* **TASK GOAL**
Your answer must be the full listing, word for word, with no images in it.

* **DATA SECTION**
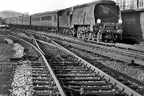Photo copyright Ron Strutt ![]() An un-rebuilt Bulleid Pacific approaches Dunton Green with a London Bridge to Tonbridge service on an unknown date in the 1950s. Dunton Green signal box can be seen on the right, with the Westerham branch and its trap siding in the foreground. Note the conductor rails on the main lines are protected with wooden boarding; this is a common sight in areas where staff may need access to track in the course of their duties. Unfortunately, the image is too small and of too poor a quality to enable positive identification of the locomotive. However, it appears to be one of the Battle of Britain class with nameplates fitted lower down to enable attachment of the arrow adornment when operating the 'Golden Arrow' named train. The headcode discs suggest that the train is a London Bridge to Tonbridge service. The stock comprises a motley collection of BR MkI, Bulleid and Maunsell vehicles with at least one of the latter being to the narrower Hastings gauge. The Bulleid Pacifics came in three classes; the heavier Merchant Navy and the lightweight West Country and Battle of Britain 'go anywhere' versions. Their history, technical and general, is too complex for inclusion in an image caption but can be read on several internet sites including Wikipedia. Several members of all versions have survived into preservation. A brief description of the Golden Arrow can be read here and a Britannia Pacific can be seen leaving Victoria with the arrow adornment fixed to its smoke deflector on the same page.
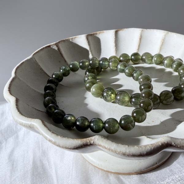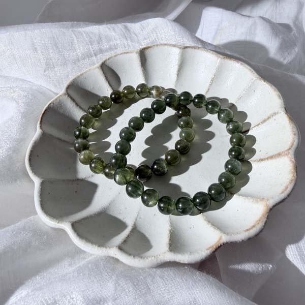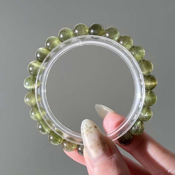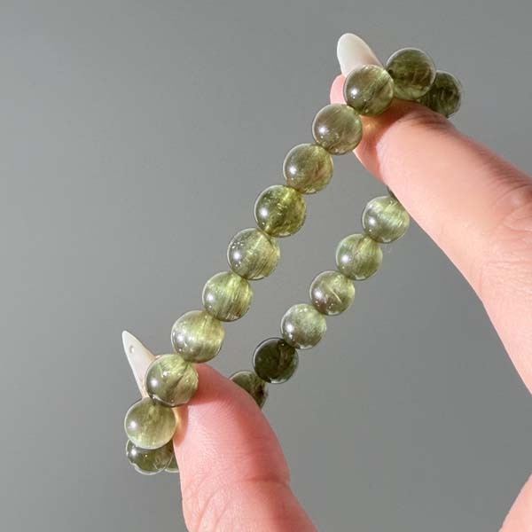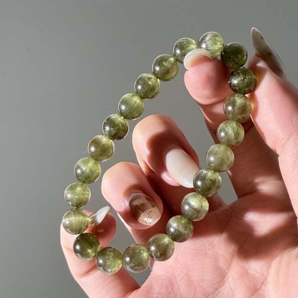 綠色會隨著貓眼的光游移而產生深淺變化
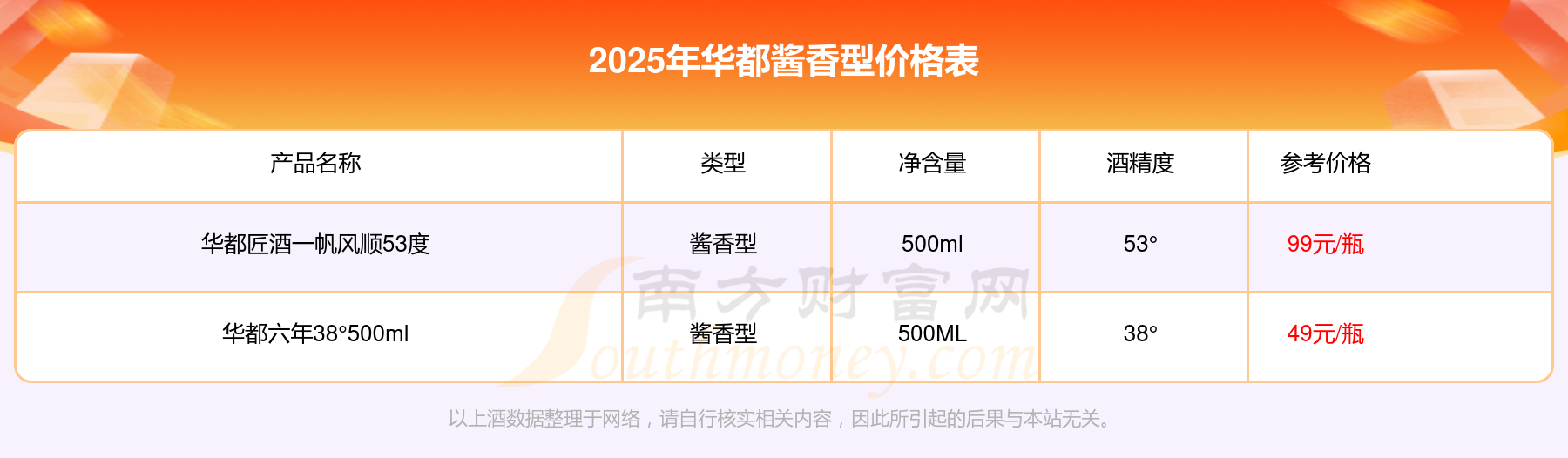 华都匠酒一帆风顺53度参考价99元/瓶、华都六年38°500ml参考价49元/瓶。

* **EXERCISE RESULT**
Photo copyright Ron Strutt ![]() An un-rebuilt Bulleid Pacific approaches Dunton Green with a London Bridge to Tonbridge service on an unknown date in the 1950s. Dunton Green signal box can be seen on the right, with the Westerham branch and its trap siding in the foreground. Note the conductor rails on the main lines are protected with wooden boarding; this is a common sight in areas where staff may need access to track in the course of their duties. Unfortunately, the image is too small and of too poor a quality to enable positive identification of the locomotive. However, it appears to be one of the Battle of Britain class with nameplates fitted lower down to enable attachment of the arrow adornment when operating the 'Golden Arrow' named train. The headcode discs suggest that the train is a London Bridge to Tonbridge service. The stock comprises a motley collection of BR MkI, Bulleid and Maunsell vehicles with at least one of the latter being to the narrower Hastings gauge. The Bulleid Pacifics came in three classes; the heavier Merchant Navy and the lightweight West Country and Battle of Britain 'go anywhere' versions. Their history, technical and general, is too complex for inclusion in an image caption but can be read on several internet sites including Wikipedia. Several members of all versions have survived into preservation. A brief description of the Golden Arrow can be read here and a Britannia Pacific can be seen leaving Victoria with the arrow adornment fixed to its smoke deflector on the same page.
 綠色會隨著貓眼的光游移而產生深淺變化
 华都匠酒一帆风顺53度参考价99元/瓶、华都六年38°500ml参考价49元/瓶。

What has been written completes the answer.